# Exercise prompt:
Look through the listing below and write out exactly the lines from the line with "A good quality" to the line with "相比起印花,我觉得版型和设计", both included, and no others.

# Information shown:

%%

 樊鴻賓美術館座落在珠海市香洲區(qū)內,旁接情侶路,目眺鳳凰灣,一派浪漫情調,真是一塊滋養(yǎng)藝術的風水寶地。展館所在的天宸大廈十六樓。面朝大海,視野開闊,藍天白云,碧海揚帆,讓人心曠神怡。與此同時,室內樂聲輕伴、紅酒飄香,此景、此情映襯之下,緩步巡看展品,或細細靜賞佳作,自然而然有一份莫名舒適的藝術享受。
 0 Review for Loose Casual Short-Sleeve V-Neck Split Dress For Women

%%
%%

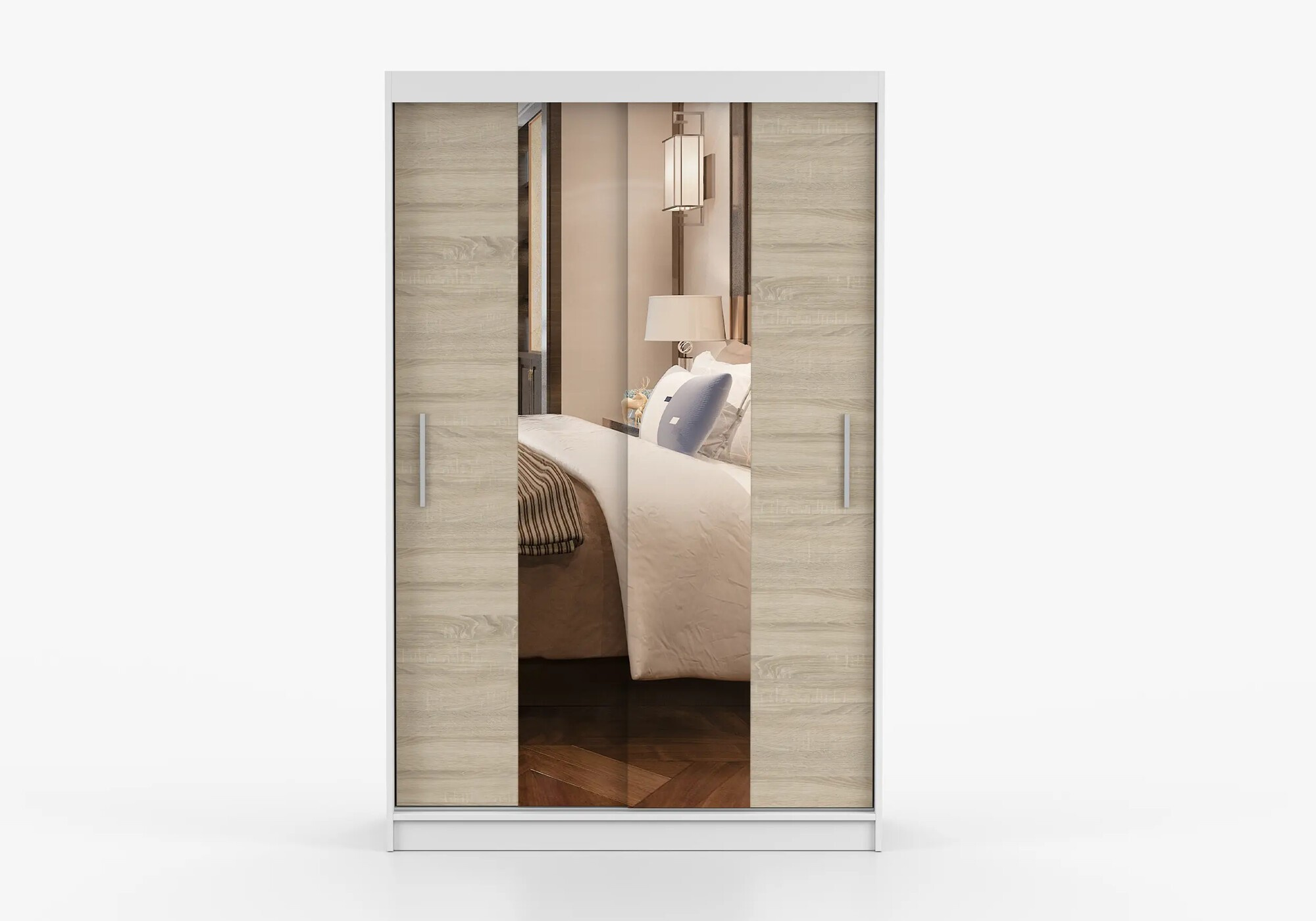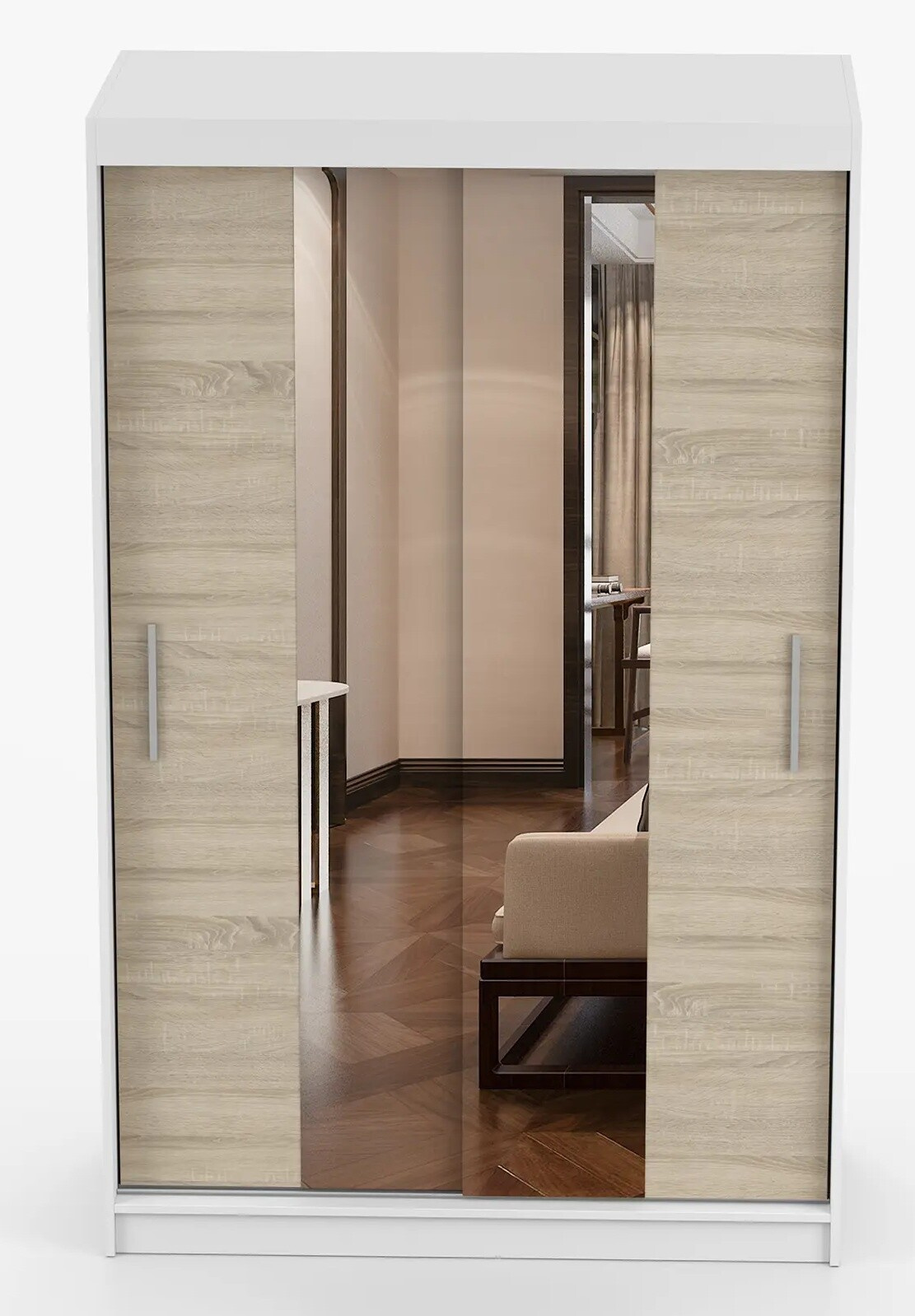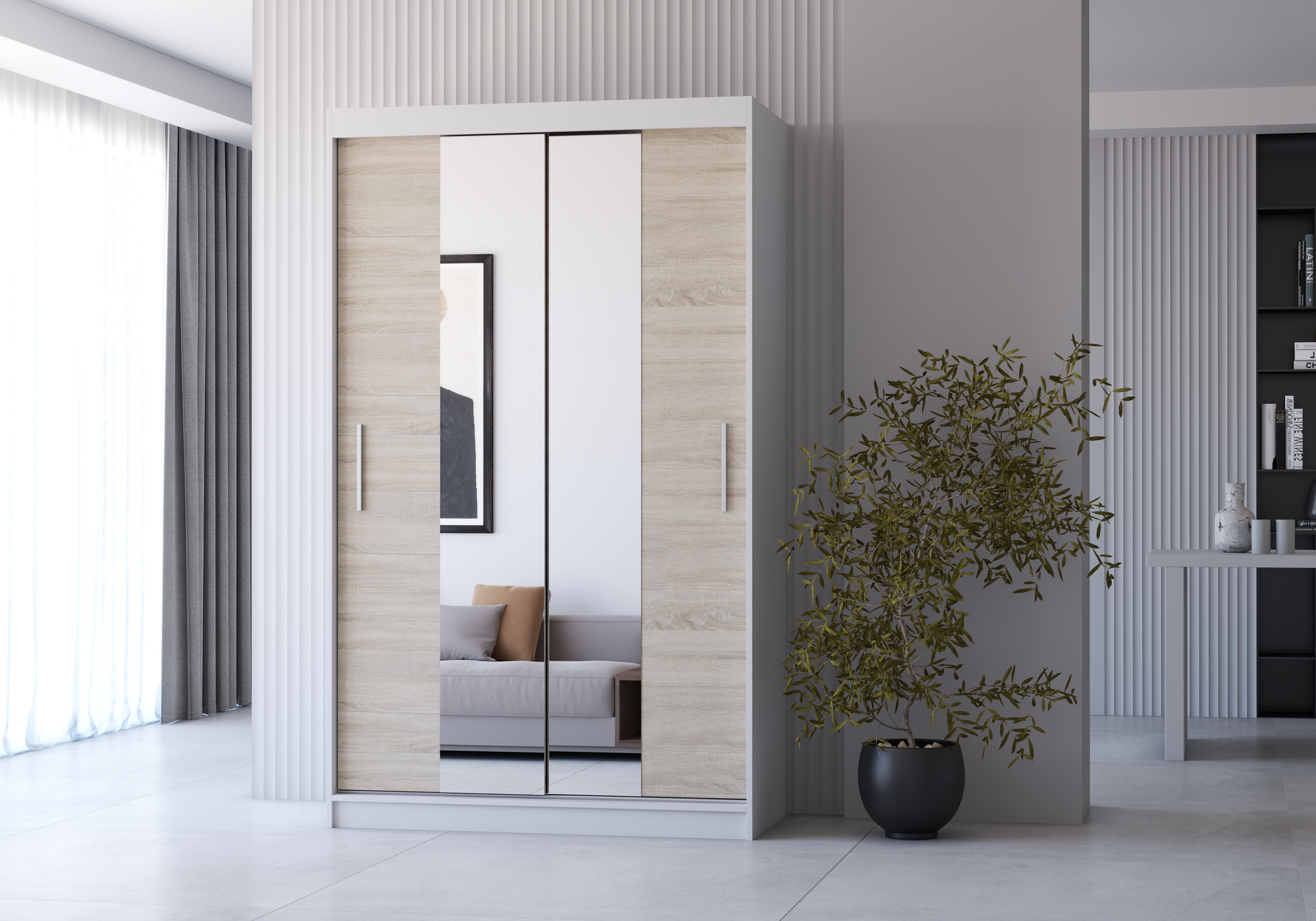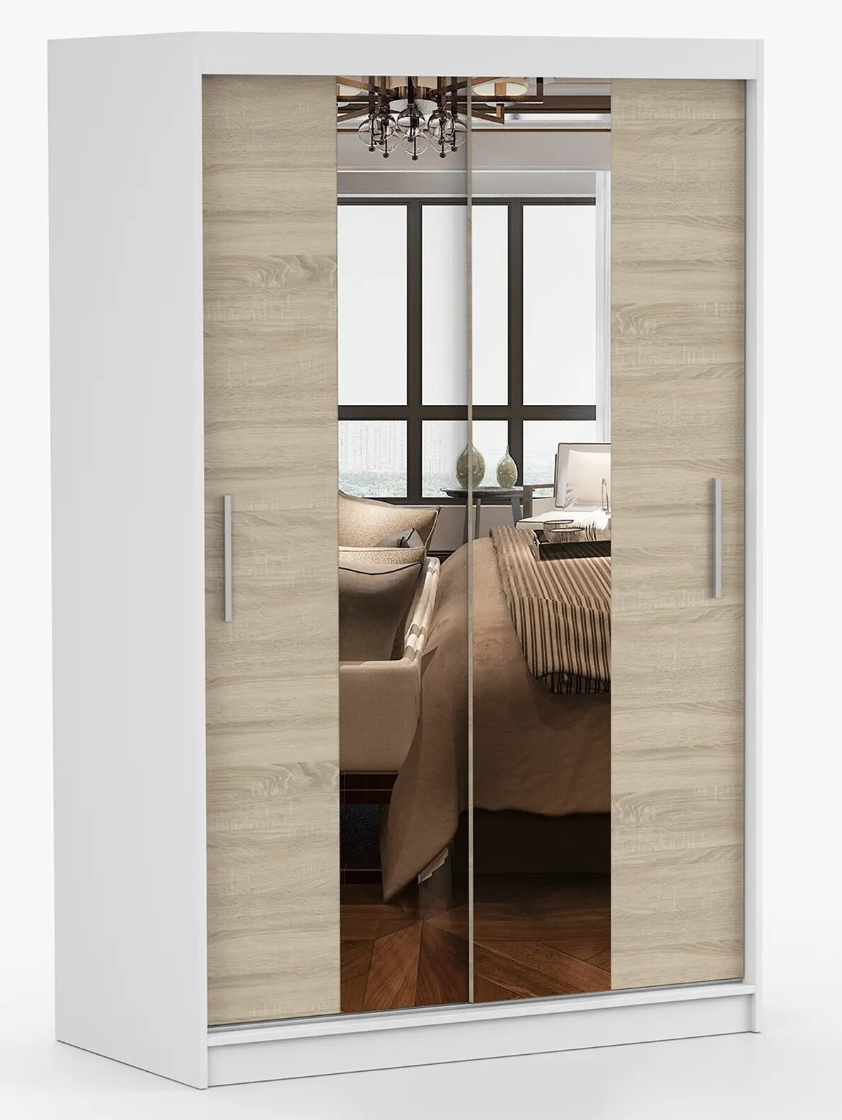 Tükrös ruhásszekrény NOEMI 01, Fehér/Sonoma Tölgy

%%
%%

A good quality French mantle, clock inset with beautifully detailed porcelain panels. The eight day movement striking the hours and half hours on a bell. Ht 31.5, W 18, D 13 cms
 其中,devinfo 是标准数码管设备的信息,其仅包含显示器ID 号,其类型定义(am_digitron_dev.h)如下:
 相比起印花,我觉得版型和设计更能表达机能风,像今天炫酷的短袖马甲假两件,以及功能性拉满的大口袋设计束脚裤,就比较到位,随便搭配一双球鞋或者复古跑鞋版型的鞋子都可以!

%%

# Answer to this exercise:
A good quality French mantle, clock inset with beautifully detailed porcelain panels. The eight day movement striking the hours and half hours on a bell. Ht 31.5, W 18, D 13 cms
 其中,devinfo 是标准数码管设备的信息,其仅包含显示器ID 号,其类型定义(am_digitron_dev.h)如下:
 相比起印花,我觉得版型和设计更能表达机能风,像今天炫酷的短袖马甲假两件,以及功能性拉满的大口袋设计束脚裤,就比较到位,随便搭配一双球鞋或者复古跑鞋版型的鞋子都可以!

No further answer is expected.